Fast Fashion, Faster Tempo

Examining the Hypersonic Trend Cycle / Designed by Amira Dossani

Last month, TikTok users declared that capri pants are officially back. Two weeks later, it was bootcut jeans. And then just days after that, the entirety of the Internet collectively decided that micro-shorts would be the pants of the summer. 

While different styles and garments have always drifted in and out of popularity, the current hyper-fast trend cycle, accelerated by social media and influencer marketing, is something entirely different and dangerous. However, proponents of the “Slow Fashion” movement are actively taking steps to decelerate the rate at which we rotate through trends. 

According to glass artist and author Chelsea Rousso, the traditional fashion trend cycle has five stages: introduction, rise, peak, decline and obsolescence. Traditionally, this cycle took an average of 20 years to complete, which gave designers ample time to innovate and push boundaries. Nowadays, the trend cycle runs from start to finish in mere weeks and trends expire in the blink of an eye or the swipe of a finger. 

What’s behind this hypersonic trend cycle? The digital age, specifically the expansion of influencers into the fashion sphere. Social media’s algorithmic model thrives on capturing the user's attention as much as possible. This means that influencers must constantly compete with one another for user engagement and viewership. For fashion influencers, this translates to constantly searching for something new and original to push to their audience. As soon as the trend has been released to the internet, they discard these garments, and the search resumes yet again, as was the case with the trucker hat craze in 2021. It is a steady rhythm of discovery, promotion, discardment, repeat.  

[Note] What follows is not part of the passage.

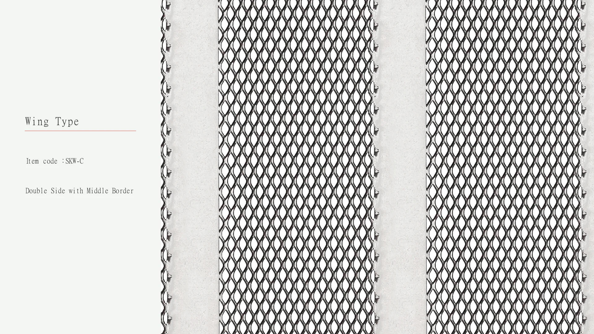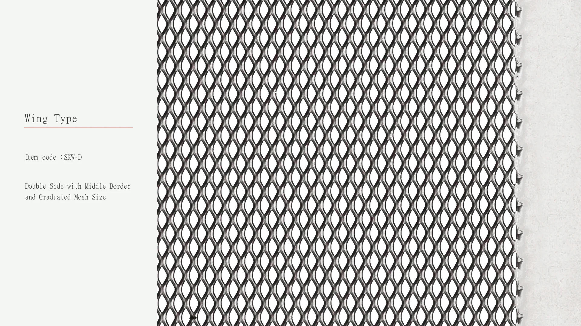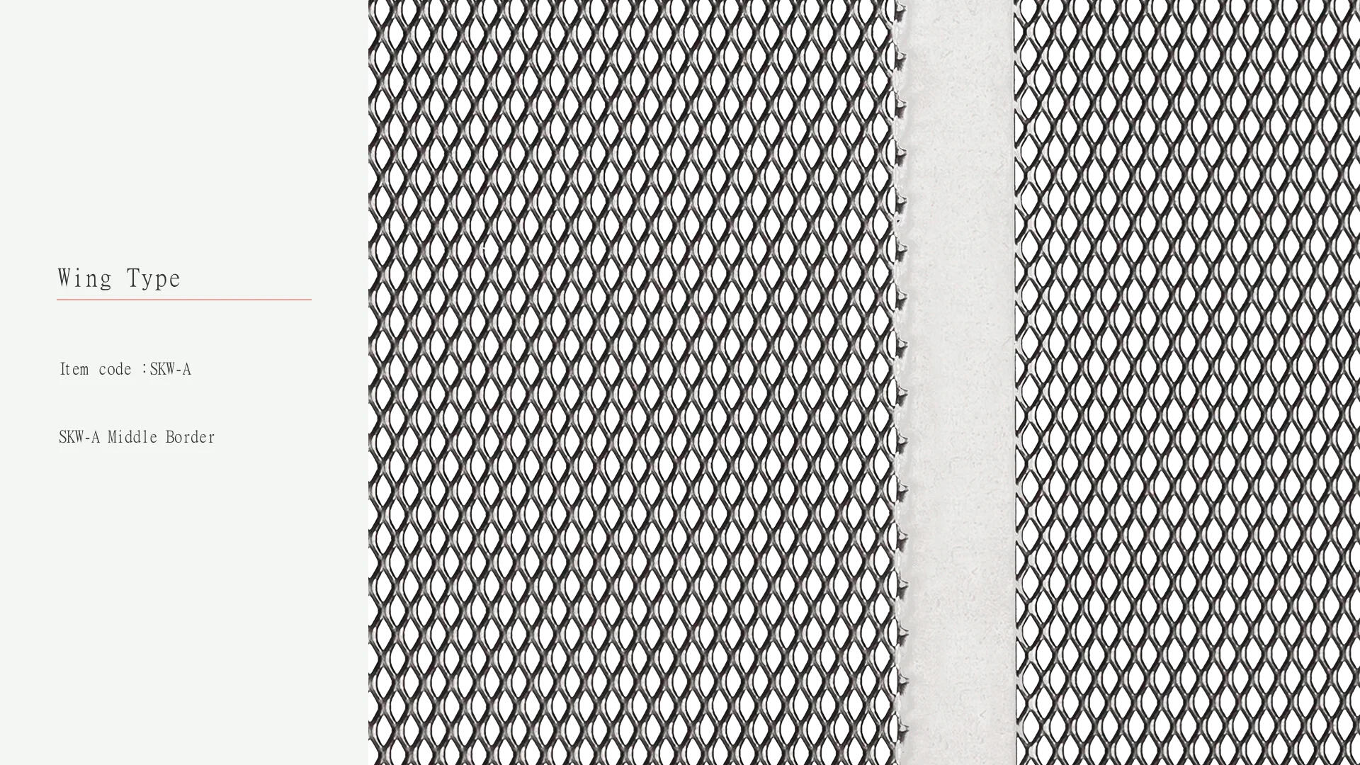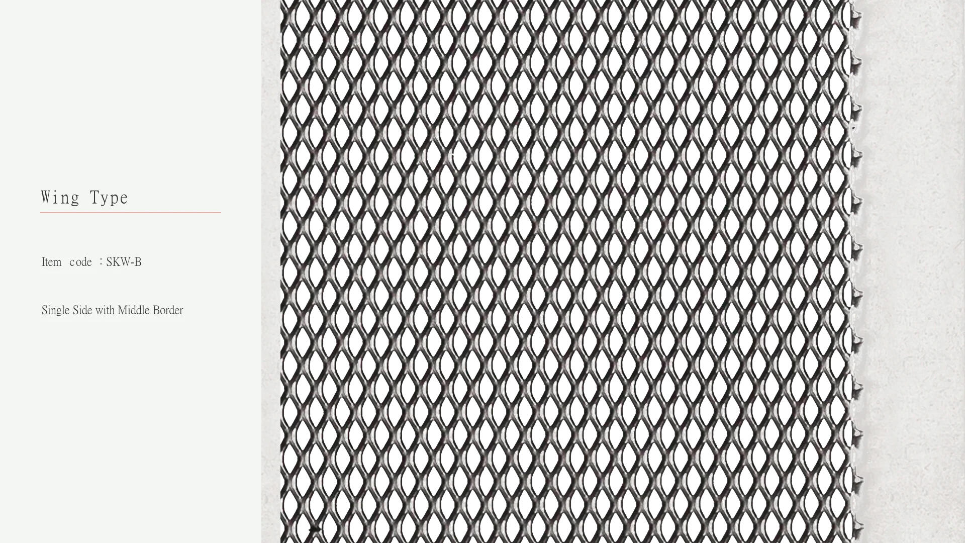 Wing Type is composed of metal sheets and mesh patterns, and the mesh size can be adjusted according to customer requirements. Customers can choose between designs with borders on both sides or with alternating spacing. Today, this type of mesh is widely used in industrial design products. For example, in furniture applications, the edge portion can be folded into a specific shape to increase the thickness of the joint surface, or it can be applied to the ion-active interface inside lithium batteries to generate electrical energy, thereby extending their life.

The environmental implications of this are painfully clear. According to a study done by the Ellen MacArthur Foundation and McKinsey & Company, the average number of times a single garment is worn has dropped by 36 percent in the last 15 years. For every five garments produced, the report added, three end up in a landfill or are incinerated. 

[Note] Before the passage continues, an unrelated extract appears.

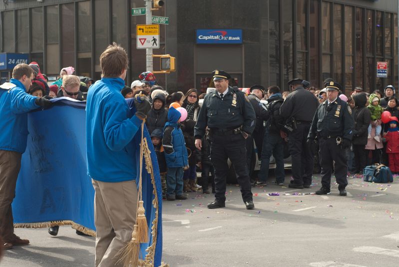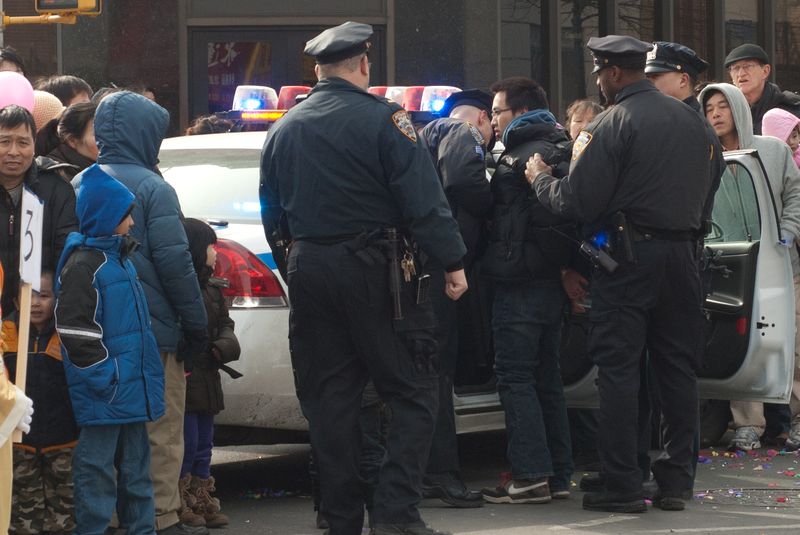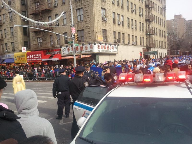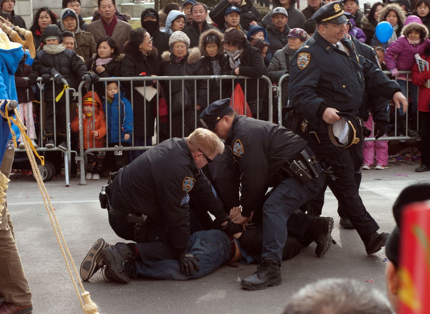 ![]() 法拉盛新年游行活动中,一华裔男子从观众群中冲到法轮功队伍的前面,拉扯横幅并折断横杆。三个警察立即冲上去将其制服并逮捕。 |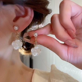 Anting Drop Desain Bunga Camellia Putih Aksen Mutiara Warna Emas Untuk Wanita

Back in 2020,  Molly Miao, Chief Operating Officer of fast-fashion brand SHEIN, said in an interview with Forbes that the website releases 700 to 1000 new items of clothing every day. Quality is sacrificed for the sake of quantity and trend adherence. This overproduction of cheap goods leads to massive amounts of waste: More than 92 million tons of textile waste are produced annually.

There are also moral implications that come with the supersonic trend cycle. As trends come in and out of popularity, originality is sacrificed. Brands prioritize monetization over creativity, and lean on easily marketable designs, which are usually more conventionally flattering and predictable, instead of focusing on what’s daring or different. The short shelf life of trends also discourages timeless brand identities and motifs, pressuring designers to chase short-term sales rather than long-lasting creations. 

But it is not just designers that suffer from the trend cycle; it is also regular consumers. In our quest for novelty and originality, we have trapped ourselves in an endless consumption pattern in which the line between visibility and obscurity is nonexistent. Authenticity cannot exist in such an environment, and consumers are left unsatisfied in their never-ending search for the next best thing. As bleak as this sounds, change is possible.

In response to these changes in the fashion industry, many movements and actions are encouraging the deceleration of the trend cycle. The “Slow Fashion” movement, coined by Kate Fletcher in 2007 and popularized by sustainable fashion brands, promotes eco-friendly and ethical production practices in the fashion industry. It prioritizes quality over quantity, with an emphasis on buying second-hand, thrifting, and making a conscious effort to support ethical brands.  

There are also steps consumers can take to destabilize the rapid trend cycle, such as shifting our mindset about purchasing clothing; rather than viewing our clothes as a means to staying on trend, we can start thinking of fashion pieces as investments to our personal wardrobe. Finding styleable wardrobe staples easily will not only encourage consumers to keep these garments for longer, but it can also encourage authenticity in our personal style. 

Fashion influencer marketing has had a clear impact on the fashion industry: a loss of originality and authenticity from both the designer and the consumer. In an environment where styles oscillate between hyper-visibility and hyper-obscurity, it is up to each of us to decide what we will do: get stuck in the endless rhythm of consumption and discardment, or find a way to break out of this cycle and create a fashion identity that is unique and authentic to us. The choice is yours.